なお、この実施形態では物品WはパレットPに載置された状態でパレットPと一体に移動するため、パレットP自体を「物品」としてもよいし、物品WとパレットPを合わせたものを「物品」としてもよい。
【0019】
リフト装置3のX方向片側には、スタッカクレーン2が停止可能である。スタッカクレーン2は、Y方向に延びる走行レール8上を走行可能である。スタッカクレーン2は、走行部9と、移載部10とを有している。移載部10は、上下方向に移動可能であり、さらに物品Wを移載するためのスライドフォーク11を有している。スライドフォーク11は、移載部10からX方向片側にスライド可能になっている。
【0020】
(2)リフト装置
リフト装置3は、主に、ローラ機構13と、リフタ15とを有している。ローラ機構13は、フレーム17と、複数のフリーローラ19とを有している。フレーム17は、地面より高い位置に配置された部材であり、上面17aを有している。フリーローラ19は、フレーム17において回転自在に支持されている。フリーローラは、Y方向に一定の間隔をあけて並んでおり、回転軸はX方向に平行になっている。
【0021】
フレーム17のY方向下側が搬入方向手前側であり、Y方向上側が搬入方向奥側である。フレーム17の搬入奥側には、奥側ストッパ21が設けられている。奥側ストッパ21は、プレート部材であり、フレーム17の上面17aからさらに上方に延びている。
【0022】
フレーム17のX方向両側には、フレーム17から離れた位置に側方ガイド23が設けられている。側方ガイド23は、フレーム17の上面17aよりさらに上方の位置に配置されている。なお、図では、側方ガイド23を支持する構造は省略されている。
【0023】
リフタ15は、基台27と、昇降台29と、昇降機構31と、昇降シャフト33とを有している。基台27は、地面に載置されている。昇降台29は、基台27の上方に配置されている。昇降機構31は、シザース機構を有しており、基台27と昇降台29を連結すると共に、昇降台29を基台27に対して上下動させる。昇降台29は、図1から明らかなように、フレーム17よりX方向両側に幅が広くなっている。昇降シャフト33は、昇降台29の四隅から上方に延びており、フレーム17のX方向両側に2本ずつ配置されている。なお、昇降シャフト33同士は、図示しないが、互いに連結されていてもよい。
【0024】
搬入方向(Y方向)手前の昇降シャフト33には、手前側規制部材35が設けられている。手前側規制部材35は、昇降シャフト33とともに上下動するとともに、物品Wの動きを規制するための部材である。手前側規制部材35は、上下方向に延びるプレート部材であって、下端部と昇降シャフト33の上端が連結部材37によって連結されている。手前側規制部材35の位置は、フレーム17の搬入方向手前側端付近である。
【0025】
(3)搬送台車
搬送台車5は、図1に矢印で示すように、X方向右側からリフト装置3のY方向手前側に移動可能である。

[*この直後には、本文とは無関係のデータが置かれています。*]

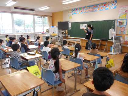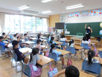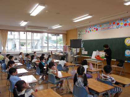 今日の朝活動は、読み聞かせ会でした。先週に引き続き今週も、子供達は動きや歌を交えたお話や、大型絵本等に夢中になっていました。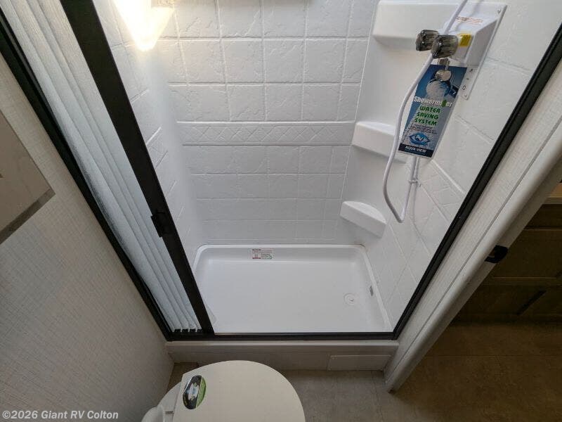 - Fixed Full-Size Bathroom offering a shower, sink and storage in a compact footprint—comfort meets convenience.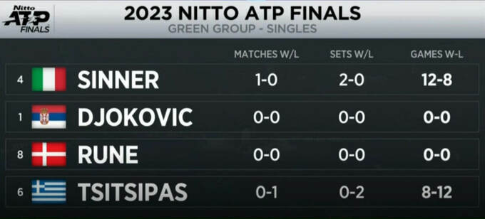 В Зеленой группе Синнер и Циципас играют вместе с Новаком Джоковичем и Хольгером Руне.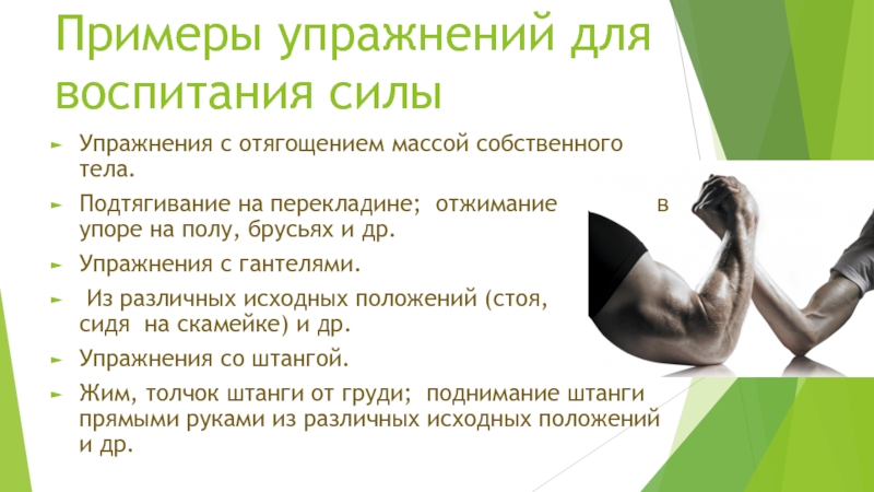 на перекладине; отжимание в упоре на полу, брусьях и др.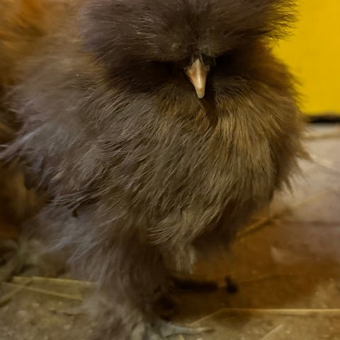 Tre hönor och en tupp. 3 veckor gamla.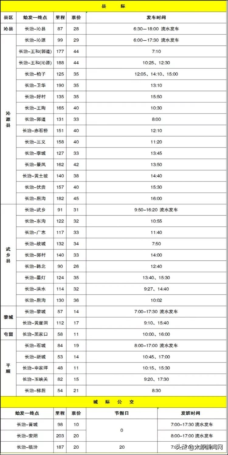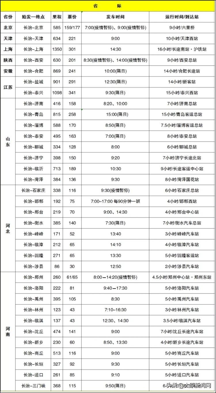 长治市客运中心发车时刻表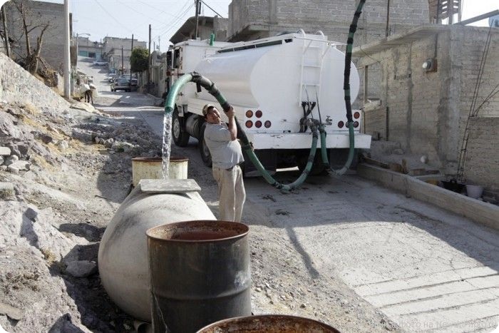 На окраине Мехико возле своего дома рабочий наполняет цистерну водой, 22 марта 2011 года. 22 марта каждый год по инициативе ООН проходит Всемирный день водных ресурсов. Целью этого мероприятия является привлечение внимания населения к той огромной роли, которую играет вода в окружающей среде, сельском хозяйстве, здоровье, торговле.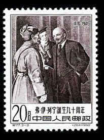 (262) 4分 列宁在演讲 600万枚 (263) 8分 列宁像 800万枚 (264)20分 列宁在斯摩尔尼宫和红色近卫军谈话 200万枚 1960.4.22。背面刷胶。P11.5×11。26mm×35.5mm。50(10×5)。(262)(264)雕刻版。(263)影雕套印。[A](264)瓦西里耶夫(苏)。[D]卢天骄。[E]孙鸿年、孔绍惠、唐霖坤。北京邮票厂。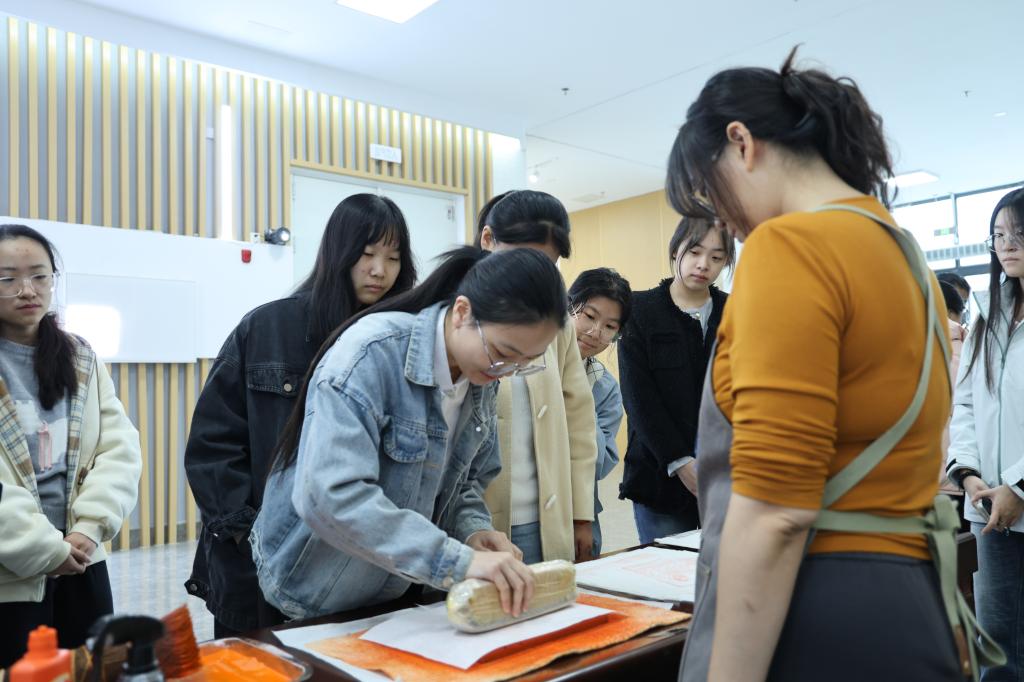 山东省图书馆(山东省古籍保护中心)还为同学们带来了丰富的体验活动。通过亲手刷印雕版、拓印石碑,观摩古籍修复,学生们近距离接触古籍,激发起古籍保护的兴趣与热情。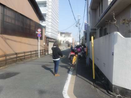 今日の安全指導では,通学路を通って登下校をすることや,歩道があるところは歩道を,ないところでは路側帯を通ること,地域での過ごし方などを確認しました。
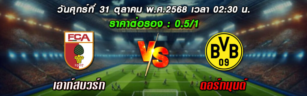 ราคานี้เปิดมาที่ “ดอร์ทมุนด์ ต่อ 0.5/1” ถือว่ามีความเสี่ยง เพราะฟอร์มเกมเยือนของพวกเขาไม่คงเส้นคงวา ในขณะที่ เอาก์สบวร์ก เล่นในบ้านได้ดีและมักสร้างปัญหาให้ทีมใหญ่ แนะนำ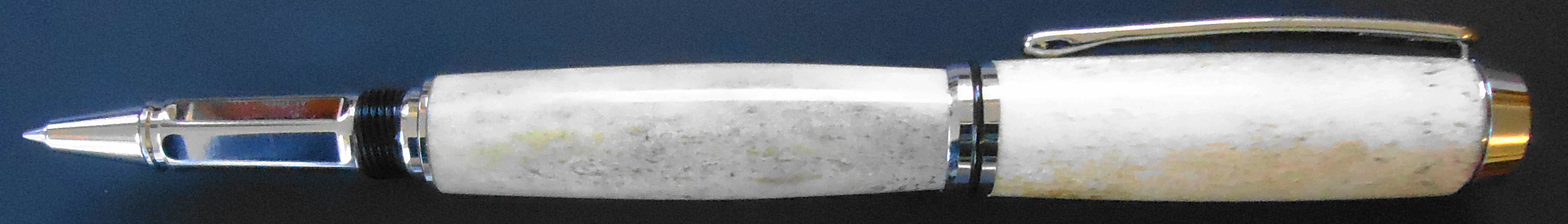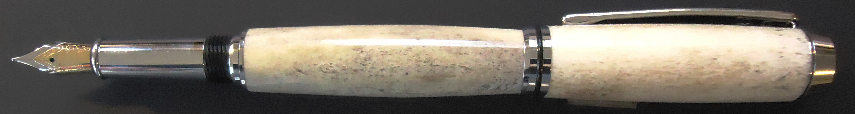 This collectible, refillable pen was crafted from a naturally shed moose antler. The antlers are drops, ones that have been naturally shed in the wild. Bull moose shed their antlers each year and they are sometimes found in the woods by collectors, hikers or sportsmen. The antlers vary in texture, color and density depending on the condition of the moose. We can only take what nature gives. image by Roger Stevens Jr. mainefocusphotography.biz |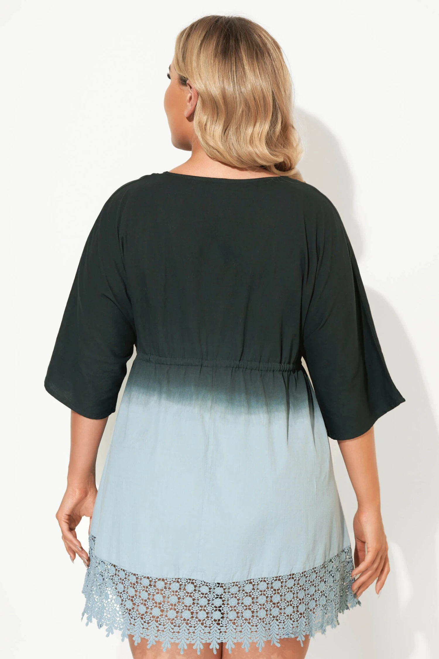 Others: Delicate crochet openwork trim detail. Functional empire drawstring waist. Unique tie-dye print fabric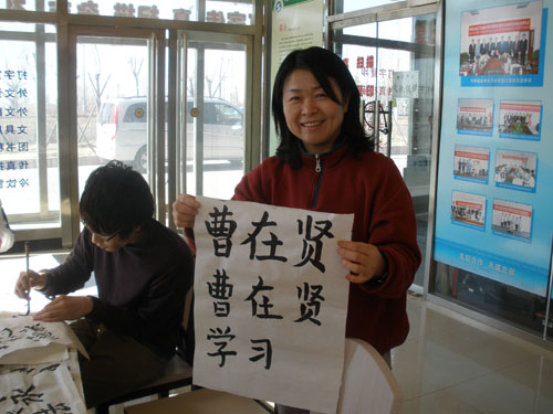 留学生们体验的第一节文化课,是由国际教育交流中心主任吕林旺主任亲自讲授的书法课。中国书法是一门古老的艺术,它伴随着中华文明的发展而发展。世界上拥有书法艺术的民族屈指可数,中国书法源远流长,具有悠久的历史,是中国古老文化的载体。听完吕主任的耐心讲解,同学们开始自己动手练笔画、写永”字,写自己的名字。个个神情专注、精心书写,兴趣高涨。

搬送台車5は自動走行でも手動走行でもよい。
【0026】
(4)プッシャ
プッシャ7は、図1および図2から明らかなように、搬送台車5がリフト装置3のY方向手前側に配置された状態にあるときに、リフト装置3との間に搬送台車5を挟む位置に配置されている。つまり、リフト装置3、搬送台車5,プッシャ7がY方向に並んで一直線上に配置されている。この状態で、プッシャ7は、搬送台車5上の物品Wをリフト装置3に向けて押し出すことができる。
【0027】
プッシャ7は、プッシュ部材39と、駆動機構(図示せず)と有している。なお、プッシュ部材39のX方向幅は、リフト装置3の一対の手前側規制部材35同士のX方向幅より短くなっており、しかもプッシュ部材39がリフト装置3に最も接近した状態でもプッシュ部材39が一対の手前側規制部材35に干渉しないようになっている。
【0028】
(5)リフト装置の制御構成
図3を用いて、リフト装置3の制御構成について説明する。図3は、リフト装置の制御構成を示すブロック図である。
【0029】
制御部41は、CPU、RAM、ROMからなるコンピュータであって、メモリから読み込まれたプログラムを実行することで制御動作を行う。制御部41には、昇降駆動部43と、光電センサ45と、リミットスイッチ47が接続されている。昇降駆動部43は、制御部41からの指令に基づいて昇降機構31を駆動する。光電センサ45は、リフト装置3のフレーム17上に物品Wが置かれているか否かを検出する。リミットスイッチ47は、昇降シャフト33の上面に物品Wが置かれているか否かを検出する。
【0030】
(6)リフト装置の制御動作
図4を用いて、リフト装置3の制御動作を説明する。図4は、リフト装置の制御動作を示すフローチャートである。
【0031】
初期状態では、図2に示すように、リフト装置3の昇降シャフト33および昇降台29は下方位置に配置されている。したがって、昇降シャフト33の上面および手前側規制部材35の上端は、フレーム17の上面17aおよびフリーローラ19の上面より下方の位置にある。
【0032】
ステップS1では、制御部41は、物品Wがプッシャ7に押されてフレーム17およびフリーローラ19上に搬送されてくるのを待つ。制御部41が光電センサ45からの信号により物品Wが搬入されたと判断すると、プロセスは制御ステップS2に移行する。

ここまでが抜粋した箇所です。